Re: [SLUG] Hard Drive Sizes...Bare Metal Restore

From: Ian Blenke (icblenke@nks.net)
Date: Tue Sep 30 2003 - 11:20:02 EDT


Meyer, David R wrote:
> Good Morning,
>
> I have had a question asked of me that I just don't know. Actually, I
> think I know, but I've never tried it.
>
> One of our Open Source products at CA is our Bare Metal Restore product
> for Linux systems. The question is...
>
> "If I havea crash and replace my hard drive, and it happens to be a
> larger hard drive than was in there when the DR media was created, will
> it work?"

It depends. There are geometry issues that can cause confusion. Things
like booting booting may be impacted (different BIOS representations of
geometries of drives causes int13 calls to return incorrect blocks
during bootstrap, particularly in older BIOSes). Geometry changes also
tend to cause fdisk to report incorrect partition tables, and tend to
confuse the admin.

We commonly use larger drives to replace smaller drives in a software
RAID1 mirror-set when replacing older drives that are out of inventory.
The difference here is that the software RAID metadevice "hides" the
BIOS geometry somewhat from the user and bootstrap.

> The limitation is not with our DR option...it just creates an image.
> The question I have is, how will Linux handle it? Will it just see a
> lot more free space, or will bad things happen?

If your image creation takes a snapshot of the drive partitioning, and
restores it correctly when doing the rebuild, Linux will only see the
origional partition sizes (potentially with arcane C/H/S issues in
fdisk, depending on geometry differences due to your BIOS).
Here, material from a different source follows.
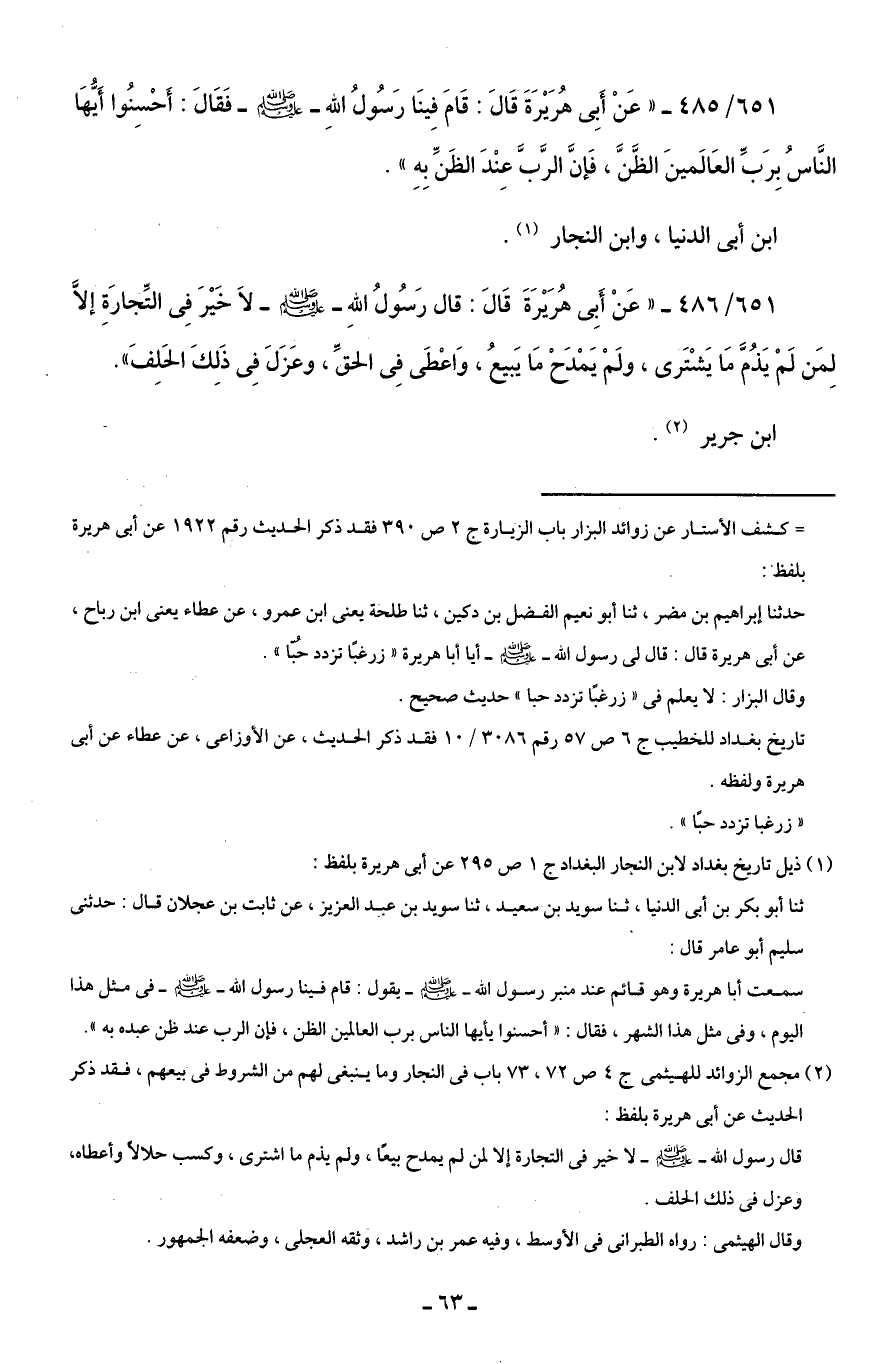 651/ 485 - "عَنْ أَبِي هُرَيْرَةَ قَالَ: قَامَ فِينَا رَسُولُ اللهِ - صلى الله عليه وسلم - فَقَالَ: أَحْسِنُوا أَيُّهَا النَّاسُ بِرَبِّ العَالَمينَ الظَّنَّ، فَإنَّ الرَّبَّ عِنْدَ الظَنِّ بِهِ".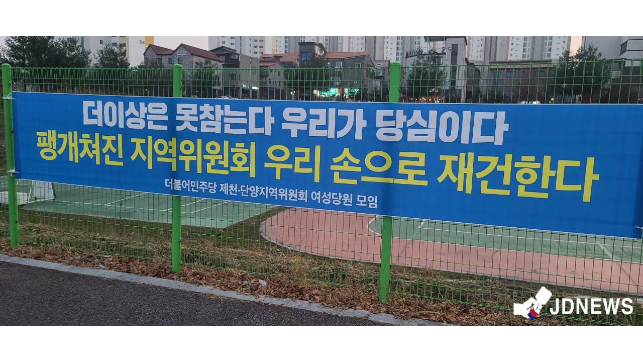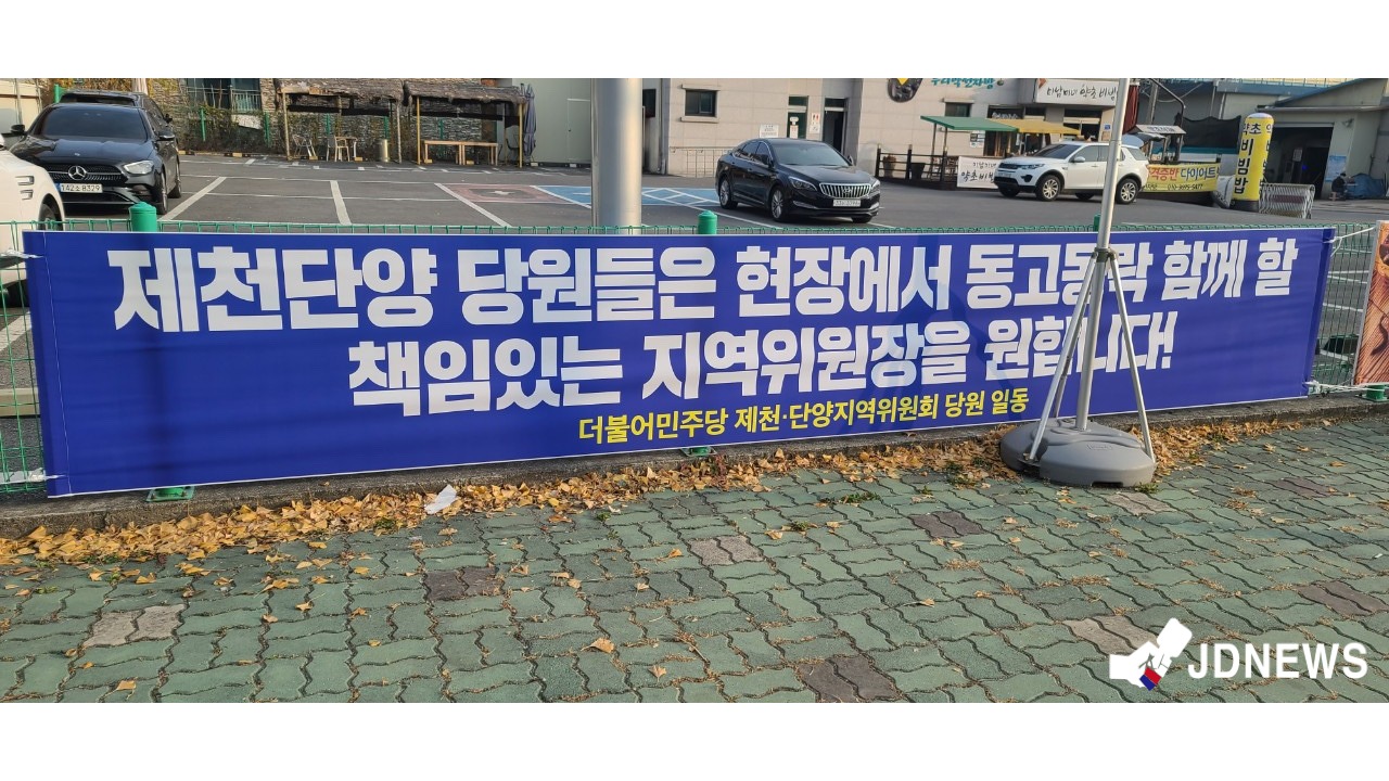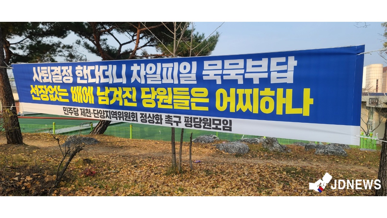 - 민주당 소속 당원들, 지역위원회의 정상화 촉구 서명 운동과 현수막 내걸어

With newer BIOSes, LBA32 in lilo/grub, and newer versions of fdisk less
likely to report geometry errors, I think many of these issues go away.
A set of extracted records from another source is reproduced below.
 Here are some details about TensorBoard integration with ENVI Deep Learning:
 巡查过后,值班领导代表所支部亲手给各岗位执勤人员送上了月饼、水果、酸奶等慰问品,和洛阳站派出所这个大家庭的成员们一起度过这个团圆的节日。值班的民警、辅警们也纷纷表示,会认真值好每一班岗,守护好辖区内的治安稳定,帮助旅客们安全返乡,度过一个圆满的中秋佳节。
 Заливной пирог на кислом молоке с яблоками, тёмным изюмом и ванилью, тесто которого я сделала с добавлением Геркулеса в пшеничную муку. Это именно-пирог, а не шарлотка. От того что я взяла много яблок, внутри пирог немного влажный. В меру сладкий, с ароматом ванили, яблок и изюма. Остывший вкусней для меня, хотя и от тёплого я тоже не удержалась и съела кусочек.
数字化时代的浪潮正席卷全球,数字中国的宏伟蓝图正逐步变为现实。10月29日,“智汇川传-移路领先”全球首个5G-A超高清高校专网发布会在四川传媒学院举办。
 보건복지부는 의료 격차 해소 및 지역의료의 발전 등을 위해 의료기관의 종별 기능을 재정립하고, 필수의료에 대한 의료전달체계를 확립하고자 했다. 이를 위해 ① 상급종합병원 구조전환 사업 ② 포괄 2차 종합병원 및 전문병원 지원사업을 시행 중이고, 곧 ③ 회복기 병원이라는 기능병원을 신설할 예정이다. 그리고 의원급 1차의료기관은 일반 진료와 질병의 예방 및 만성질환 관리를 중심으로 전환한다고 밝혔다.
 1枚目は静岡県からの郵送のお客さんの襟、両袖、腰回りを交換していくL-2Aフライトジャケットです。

In order to "see" the new space, you can only expand the last partition
on the disk or creat a new partition in that free space. If you are
using a logical volume manager (ala LVM or EVMS), you can add that
physical extent to a disk group and grow your volumes into it.

After adding the space, you will need to use a "growfs" tool like
resize2fs/xfs_growfs/resize_reiserfs to make the space usable by a given
filesystem.

Any good DR image recovery backup tool is going to have to deal with
fixing up any partitioning geometry issues.

Rather than deal with disk imaging systems like Ghost, we backup/restore
using dirvish and rsync - and use an auto-build system to build fresh
systems from bare-metal (including RAID devices), completely unattended.
Purposing a fresh system to a machine in production is trivial as well -
all changes to all systems are maintained as handbuilt packages pushed
to all machines in our enterprise.

Someone please correct me if I'm wrong, but this has been my experience.

Hope this helps.

-- 
- Ian C. Blenke <icblenke@nks.net>
(This message bound by the following:
http://www.nks.net/email_disclaimer.html)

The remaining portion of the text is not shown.